Mock AIME II 2012 Problems/Problem 7

Revision as of 02:09, 5 April 2012 by Testingtesting (talk | contribs) (Created page with "==Problem== Given <math> x, y </math> are positive real numbers that satisfy <math> 3x+4y+1=3\sqrt{x}+2\sqrt{y} </math>, then the value <math> xy </math> can be expressed as <mat...")
(diff) ← Older revision | Latest revision (diff) | Newer revision → (diff)

Problem

Given $x, y$ are positive real numbers that satisfy $3x+4y+1=3\sqrt{x}+2\sqrt{y}$, then the value $xy$ can be expressed as $\frac{m}{n}$, where $m$ and $n$ are relatively prime positive integers. Find $m+n$.

Solution 1

Lemma: $x<1$ Proof: We can rearrange the given equation to get $3\sqrt{x}-3x=4y-2\sqrt{y}+1$. Notice that the RHS is almost a perfect square. $3\sqrt{x}-3x=4y-4\sqrt{y}+1+2\sqrt{y}=(2\sqrt{y}-1)^2+2\sqrt{y}$. Notice now that the RHS is always positive, and so we must have $3\sqrt{x}-3x>0\implies \sqrt{x}>x\implies x>x^2$. Since $x$ is positive, we can divide by $x$ to get $x<1$.

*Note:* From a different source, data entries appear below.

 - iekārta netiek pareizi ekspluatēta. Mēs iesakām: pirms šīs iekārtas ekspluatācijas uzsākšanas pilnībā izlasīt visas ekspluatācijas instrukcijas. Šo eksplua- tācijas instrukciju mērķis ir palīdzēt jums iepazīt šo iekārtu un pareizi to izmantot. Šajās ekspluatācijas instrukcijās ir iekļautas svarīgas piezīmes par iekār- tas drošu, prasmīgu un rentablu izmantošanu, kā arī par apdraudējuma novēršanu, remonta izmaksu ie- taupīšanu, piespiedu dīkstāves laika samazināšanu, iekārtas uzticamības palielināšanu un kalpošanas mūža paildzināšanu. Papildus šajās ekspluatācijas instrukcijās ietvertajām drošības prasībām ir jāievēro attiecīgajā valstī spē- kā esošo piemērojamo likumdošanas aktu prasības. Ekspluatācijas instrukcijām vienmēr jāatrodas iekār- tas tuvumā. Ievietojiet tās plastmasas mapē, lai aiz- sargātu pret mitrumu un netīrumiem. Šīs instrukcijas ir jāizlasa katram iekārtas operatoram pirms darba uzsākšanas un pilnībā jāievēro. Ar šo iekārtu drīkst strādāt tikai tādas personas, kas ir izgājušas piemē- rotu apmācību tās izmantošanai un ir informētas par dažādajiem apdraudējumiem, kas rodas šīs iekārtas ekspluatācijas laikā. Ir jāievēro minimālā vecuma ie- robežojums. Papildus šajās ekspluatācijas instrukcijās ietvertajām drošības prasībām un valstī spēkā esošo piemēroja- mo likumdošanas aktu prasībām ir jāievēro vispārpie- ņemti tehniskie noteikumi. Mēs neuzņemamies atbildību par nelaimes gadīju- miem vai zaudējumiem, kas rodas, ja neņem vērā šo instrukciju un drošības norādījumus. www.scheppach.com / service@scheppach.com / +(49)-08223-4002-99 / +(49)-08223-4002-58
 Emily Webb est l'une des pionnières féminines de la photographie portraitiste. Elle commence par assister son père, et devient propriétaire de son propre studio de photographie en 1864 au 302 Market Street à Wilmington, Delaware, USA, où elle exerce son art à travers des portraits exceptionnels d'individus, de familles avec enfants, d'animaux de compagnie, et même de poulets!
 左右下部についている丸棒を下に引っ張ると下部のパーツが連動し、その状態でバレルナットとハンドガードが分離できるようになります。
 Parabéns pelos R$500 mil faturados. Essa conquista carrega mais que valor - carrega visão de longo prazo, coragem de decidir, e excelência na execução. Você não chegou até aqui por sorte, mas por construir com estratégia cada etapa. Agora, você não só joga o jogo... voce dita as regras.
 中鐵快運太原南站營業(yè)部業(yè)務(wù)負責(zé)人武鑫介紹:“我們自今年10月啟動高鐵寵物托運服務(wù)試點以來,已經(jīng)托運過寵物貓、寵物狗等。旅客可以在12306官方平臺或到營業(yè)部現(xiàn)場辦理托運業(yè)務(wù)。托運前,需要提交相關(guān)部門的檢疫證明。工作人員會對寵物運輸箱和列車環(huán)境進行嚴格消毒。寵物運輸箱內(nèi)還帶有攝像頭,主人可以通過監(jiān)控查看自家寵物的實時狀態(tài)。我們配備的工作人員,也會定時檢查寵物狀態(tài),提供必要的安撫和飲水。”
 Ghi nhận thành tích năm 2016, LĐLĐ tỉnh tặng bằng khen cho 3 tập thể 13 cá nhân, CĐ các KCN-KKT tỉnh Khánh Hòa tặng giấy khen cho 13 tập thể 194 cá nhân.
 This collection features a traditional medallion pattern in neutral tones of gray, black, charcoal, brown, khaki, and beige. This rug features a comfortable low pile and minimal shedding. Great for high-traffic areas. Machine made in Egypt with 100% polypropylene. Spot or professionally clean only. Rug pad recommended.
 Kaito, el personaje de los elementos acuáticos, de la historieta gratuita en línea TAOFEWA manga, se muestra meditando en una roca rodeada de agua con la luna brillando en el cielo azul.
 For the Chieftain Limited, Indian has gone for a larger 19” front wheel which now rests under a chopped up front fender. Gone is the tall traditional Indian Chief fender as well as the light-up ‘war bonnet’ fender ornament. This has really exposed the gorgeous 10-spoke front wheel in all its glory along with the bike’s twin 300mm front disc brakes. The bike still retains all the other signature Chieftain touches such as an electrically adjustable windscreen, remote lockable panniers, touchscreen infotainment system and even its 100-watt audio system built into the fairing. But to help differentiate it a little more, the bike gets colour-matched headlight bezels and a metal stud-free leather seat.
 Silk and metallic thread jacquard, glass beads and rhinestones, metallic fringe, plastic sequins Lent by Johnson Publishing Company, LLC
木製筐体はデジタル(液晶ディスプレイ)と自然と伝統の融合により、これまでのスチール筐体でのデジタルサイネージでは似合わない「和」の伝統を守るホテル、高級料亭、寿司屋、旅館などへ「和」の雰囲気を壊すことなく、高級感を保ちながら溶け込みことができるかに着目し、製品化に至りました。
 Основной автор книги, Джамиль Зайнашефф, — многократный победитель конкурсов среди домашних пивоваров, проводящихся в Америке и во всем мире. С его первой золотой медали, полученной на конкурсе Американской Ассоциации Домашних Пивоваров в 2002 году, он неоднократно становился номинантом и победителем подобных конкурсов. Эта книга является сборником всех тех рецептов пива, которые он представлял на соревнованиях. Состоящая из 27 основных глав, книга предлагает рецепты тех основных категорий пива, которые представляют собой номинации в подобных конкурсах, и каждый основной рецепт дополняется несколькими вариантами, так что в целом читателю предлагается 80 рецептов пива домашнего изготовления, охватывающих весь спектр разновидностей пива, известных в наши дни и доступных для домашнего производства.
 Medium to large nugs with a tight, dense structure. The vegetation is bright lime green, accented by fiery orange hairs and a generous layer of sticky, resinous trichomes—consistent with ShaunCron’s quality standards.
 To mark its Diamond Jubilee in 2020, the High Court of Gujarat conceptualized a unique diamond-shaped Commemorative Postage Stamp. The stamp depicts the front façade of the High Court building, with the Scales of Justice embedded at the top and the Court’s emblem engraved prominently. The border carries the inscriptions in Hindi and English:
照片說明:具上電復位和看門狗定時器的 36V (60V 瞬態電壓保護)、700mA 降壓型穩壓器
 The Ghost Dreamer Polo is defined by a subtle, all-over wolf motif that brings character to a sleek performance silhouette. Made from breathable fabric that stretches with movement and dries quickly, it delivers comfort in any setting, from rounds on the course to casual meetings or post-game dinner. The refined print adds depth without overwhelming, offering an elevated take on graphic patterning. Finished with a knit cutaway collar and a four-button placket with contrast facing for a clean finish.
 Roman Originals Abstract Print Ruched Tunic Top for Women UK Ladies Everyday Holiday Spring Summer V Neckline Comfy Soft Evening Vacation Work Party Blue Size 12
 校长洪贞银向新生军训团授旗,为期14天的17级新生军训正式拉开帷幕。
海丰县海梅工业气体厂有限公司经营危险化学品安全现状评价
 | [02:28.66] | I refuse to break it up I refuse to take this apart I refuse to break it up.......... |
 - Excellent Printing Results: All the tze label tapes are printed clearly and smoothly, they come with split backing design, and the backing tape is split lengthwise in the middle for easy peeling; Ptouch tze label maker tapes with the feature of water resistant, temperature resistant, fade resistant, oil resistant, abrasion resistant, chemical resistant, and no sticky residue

Seeing that we can make perfect squares with the linear terms and square root terms, we try to force perfect squares. Since the coefficient of $y$ is already a perfect square, we begin with that. We have $4y+1=-3x+3\sqrt{x}+2\sqrt{y}\implies 4y+4\sqrt{y}+1=3\sqrt{x}-3x+6\sqrt{y}$. Now we divide both sides of the equation by $9$ to get $\dfrac{(2\sqrt{y}+1)^2}{9}=\dfrac{\sqrt{x}-x+2\sqrt{y}}{3}$. We recognize $2\sqrt{y}$ from our original equation as $3x+4y+1-3\sqrt{x}$, and we substitute that back in to get $\dfrac{(2\sqrt{y}+1)^2}{9}=\dfrac{2x+4y-2\sqrt{x}+1}{3}$. We again recognize a template for a perfect square in the right hand fraction, so we have $\dfrac{(2\sqrt{y}+1)^2}{9}=\dfrac{4y+x+x-2\sqrt{x}+1}{3}=\dfrac{4y+x+(1-\sqrt{x})^2}{3}$. We can also right the other terms in the numerator of the right hand fraction as perfect squares in terms of $\sqrt{y}$ and $\sqrt{x}$. $\dfrac{(2\sqrt{y}+1)^2}{9}=\dfrac{(2\sqrt{y})^2+(\sqrt{x})^2+(1-\sqrt{x})^2}{3}$. We now see that $2\sqrt{y}+\sqrt{x}+(1-\sqrt{x})=2\sqrt{y}+1$. We can take the square root of both sides to see the full picture. $\dfrac{(2\sqrt{y})+(\sqrt{x})+(1-\sqrt{x})}{3}=\sqrt{\dfrac{(2\sqrt{y})^2+(\sqrt{x})^2+(1-\sqrt{x})^2}{3}}$. This equation is just the equality case for the RMS-AM inequality! Therefore, from the equality case, we must have $2\sqrt{y}=\sqrt{x}=1-\sqrt{x}$, from which we find that $x=\dfrac{1}{4}$ and $y=\dfrac{1}{16}$. We see that these satisfy the original equality, and so their product is $\dfrac{1}{64}\implies 1+64=\boxed{065}$.

Note: We had to prove that $x<1$ so that $1-\sqrt{x}$, one of the terms in the RMS-AM inequality, is positive, otherwise the inequality is false.

Solution 2

Let $\sqrt{x}=a$ and $\sqrt{y}=b$. We have $3a^2+4b^2+1=3a+2b$. Moving this to one side, we have $3a^2-3a+4b^2-4b+1=0$. Completing the square, we have

\[3\left(a-\dfrac{1}{2}\right)^2-\dfrac{3}{4}+\left(2b-\dfrac{1}{2}\right)^2-\dfrac{1}{4}+1=0\]

The above simplifies into $3\left(a-\dfrac{1}{2}\right)^2+\left(2b-\dfrac{1}{2}\right)^2=0$, and since squares are nonnegative, we have both squares equal to $0$, which means $a=\dfrac{1}{2}$ and $b=\dfrac{1}{4}$. Thus, $x=\dfrac{1}{4}$ and $y=\dfrac{1}{16}$, so $xy=\dfrac{1}{64}$ and $64+1=\boxed{065}$.